ROC Restaurant Has History Of Violations & Legal Problems

ROC Restaurant Has History Of Violations & Legal Problems

If other restaurants want to avoid lawsuits & health code violations, they should steer clear of using ROC’s COLORS as an example for their business

July 11, 2017

Since Restaurant Opportunities Center United (ROC) was formed, their mission has been to help their Big Labor allies replenish their membership rolls at the expense of workers who desperately want the opportunity to fill more hours and find a good-paying job.

Aside from putting workers interests behind what’s good for union groups, ROC has also opened its own restaurant franchise called COLORS which was the recipient of a glowing puff piece from a left-wing blog earlier today.

However, that biased article ignores some key facts about COLORS that represent why ROC’s model is so flawed and their restaurant should NOT be held up as some sort of an example, despite Eater’s best efforts.

As America Rising highlighted during its report last year entitled “Looking Under The ROC”, COLORS has faced some disturbing charges. On two separate occasions, the New York City location was found in violation of the New York City Health Code.

Looking Under the ROC by AR Squared on Scribd

On May 29, 2015, an NYC Health Inspection found that COLORS had five sanitary violations, including three “critical violations,” one of which had to do with “mice or live mice present in the facility’s food and/or non-food areas.” COLORS was hit with that violation again in February, 2014 and August 2013, with the City each time referencing the fact that rodents were present in the restaurant.

On top of that, ROC’s financial management of COLORS has come under fire too.
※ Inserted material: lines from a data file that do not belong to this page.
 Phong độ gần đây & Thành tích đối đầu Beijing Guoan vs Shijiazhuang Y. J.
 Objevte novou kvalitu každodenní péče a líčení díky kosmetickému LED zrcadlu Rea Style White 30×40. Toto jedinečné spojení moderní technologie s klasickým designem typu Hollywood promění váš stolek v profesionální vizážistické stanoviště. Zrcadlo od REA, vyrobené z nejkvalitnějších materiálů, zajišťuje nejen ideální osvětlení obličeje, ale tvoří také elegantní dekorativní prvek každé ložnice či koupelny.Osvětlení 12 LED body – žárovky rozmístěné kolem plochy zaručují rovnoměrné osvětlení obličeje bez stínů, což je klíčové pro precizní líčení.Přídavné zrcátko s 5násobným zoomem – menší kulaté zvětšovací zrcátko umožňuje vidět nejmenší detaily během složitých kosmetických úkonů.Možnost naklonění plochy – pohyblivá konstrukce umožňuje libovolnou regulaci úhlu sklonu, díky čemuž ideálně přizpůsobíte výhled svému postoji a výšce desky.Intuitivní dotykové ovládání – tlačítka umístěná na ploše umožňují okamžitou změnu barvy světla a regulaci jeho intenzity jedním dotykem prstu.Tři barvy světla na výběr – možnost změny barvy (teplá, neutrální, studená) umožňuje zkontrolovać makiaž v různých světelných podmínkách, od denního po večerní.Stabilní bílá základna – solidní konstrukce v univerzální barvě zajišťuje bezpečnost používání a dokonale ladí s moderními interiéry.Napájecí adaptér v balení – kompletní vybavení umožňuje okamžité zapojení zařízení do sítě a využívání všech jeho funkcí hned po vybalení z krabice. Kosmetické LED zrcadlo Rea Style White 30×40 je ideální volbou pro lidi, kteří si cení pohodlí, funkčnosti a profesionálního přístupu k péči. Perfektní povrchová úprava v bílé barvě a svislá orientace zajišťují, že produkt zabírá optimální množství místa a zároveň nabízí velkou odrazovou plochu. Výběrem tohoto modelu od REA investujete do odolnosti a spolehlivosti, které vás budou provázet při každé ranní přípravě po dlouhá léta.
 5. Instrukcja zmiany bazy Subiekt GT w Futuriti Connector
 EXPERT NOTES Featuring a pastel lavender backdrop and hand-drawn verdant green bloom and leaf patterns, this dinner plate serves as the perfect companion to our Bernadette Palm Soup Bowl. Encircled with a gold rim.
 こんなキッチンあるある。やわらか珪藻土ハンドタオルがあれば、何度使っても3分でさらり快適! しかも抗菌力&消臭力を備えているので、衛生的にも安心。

Prior to the opening of COLORS in NYC, seven former ROC-NY members sued the organization for breach of contract. COLORS was also forced to shutter its doors for two years before re-opening in 2014.

Instead of holding COLORS up as some sort of prototype that others should follow, these unsettling indictments prove that their idea about changing the way restaurants do business only damages the experience for both the worker and the consumer.